Directions for this task: No pictures belong in the copy. Reproduce exactly the lines beginning at the line containing "湖北鐘祥市人民一直將蟠龍菜視" and continuing to the end of the entries below.

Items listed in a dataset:
# # # # #

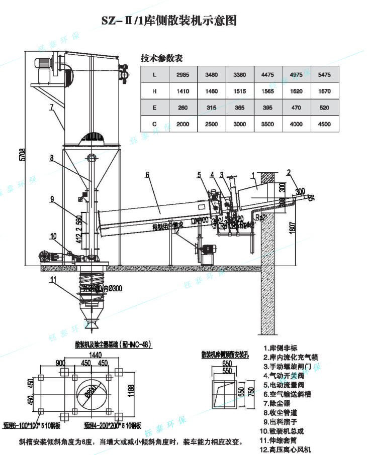 汽車散裝機出力200T/h,庫內中心下料,下料點為加濕機接口,在接口處設DN250的手動閥門和氣動閥門,下設電動鎖氣器和空氣斜槽(庫壁西側開800×800,將斜槽引出到庫外散裝口),將灰輸送至庫外散裝機。
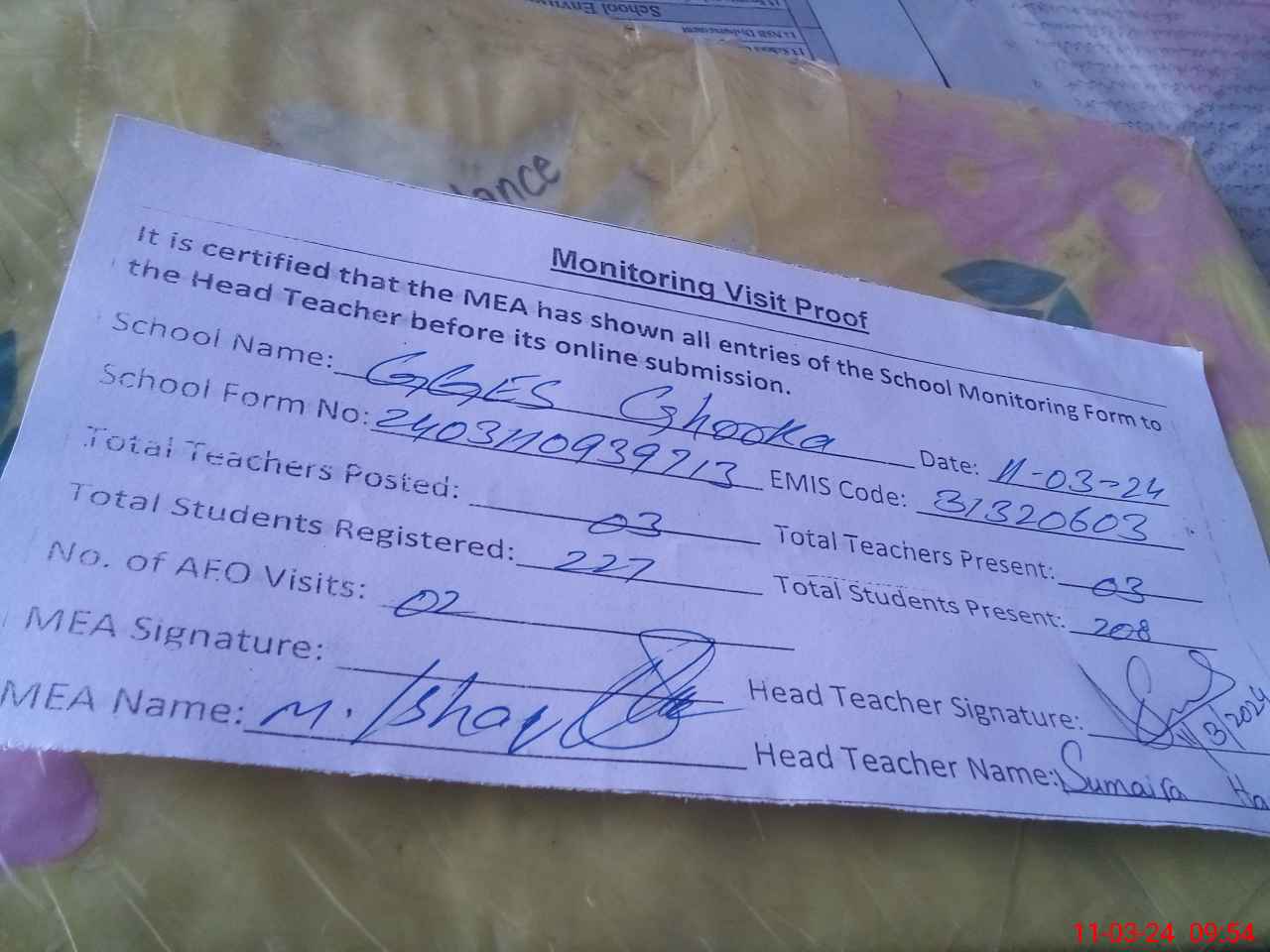 | Attendance Register | Head Teacher | MEA with School | Visit Proof |
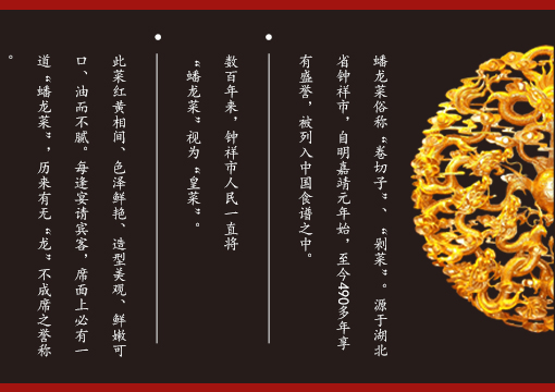 湖北鐘祥市人民一直將蟠龍菜視為“皇菜”。此菜紅黃相間、色澤鮮艷、造型美觀、鮮嫩可口、油而不膩。每逢宴 請(qǐng)賓客,席面上必有一道“蟠龍”菜,歷來(lái)有無(wú)“龍”不成席之譽(yù)稱。
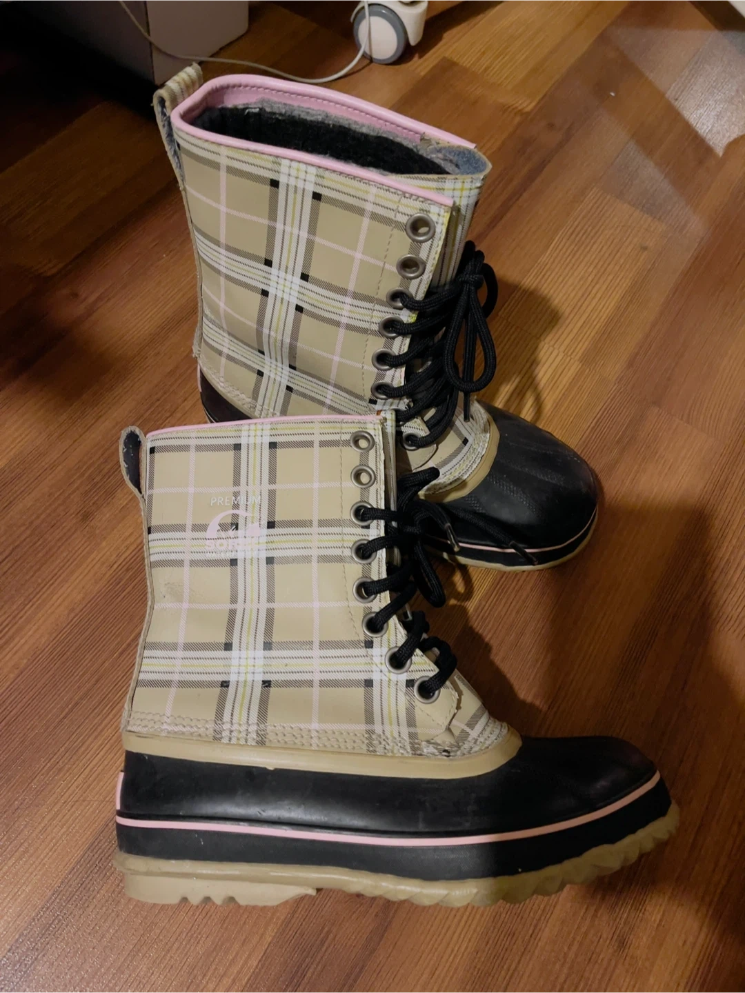 76Sorel 1964 Premium Plaid Winter Boots - Women's Size 6 Selling a pair of Sorel 1964 Premium women's winter boots in a plaid pattern. They're a size 6 US. These boots are waterproof and ready to keep your feet warm and dry this winter season!
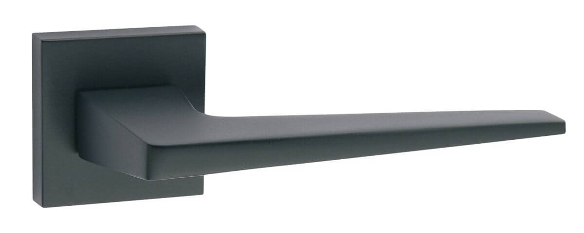 Juego de rosetas de alta calidad Fimet FLAKE de latón con recubrimiento de diseño de tendencia italiana en cromo satinado. Los atractivos tiradores de puerta en estilo moderno y atemporal le dan ese toque especial a cada puerta. Juego de manija de puerta sin óxido en rosetas cuadradas para puertas interiores y puertas de madera. Herraje de puerta montado rígidamente giratorio con resorte de retorno.

# # # # #

Solution below:
 湖北鐘祥市人民一直將蟠龍菜視為“皇菜”。此菜紅黃相間、色澤鮮艷、造型美觀、鮮嫩可口、油而不膩。每逢宴 請(qǐng)賓客,席面上必有一道“蟠龍”菜,歷來(lái)有無(wú)“龍”不成席之譽(yù)稱。
 76Sorel 1964 Premium Plaid Winter Boots - Women's Size 6 Selling a pair of Sorel 1964 Premium women's winter boots in a plaid pattern. They're a size 6 US. These boots are waterproof and ready to keep your feet warm and dry this winter season!
 Juego de rosetas de alta calidad Fimet FLAKE de latón con recubrimiento de diseño de tendencia italiana en cromo satinado. Los atractivos tiradores de puerta en estilo moderno y atemporal le dan ese toque especial a cada puerta. Juego de manija de puerta sin óxido en rosetas cuadradas para puertas interiores y puertas de madera. Herraje de puerta montado rígidamente giratorio con resorte de retorno.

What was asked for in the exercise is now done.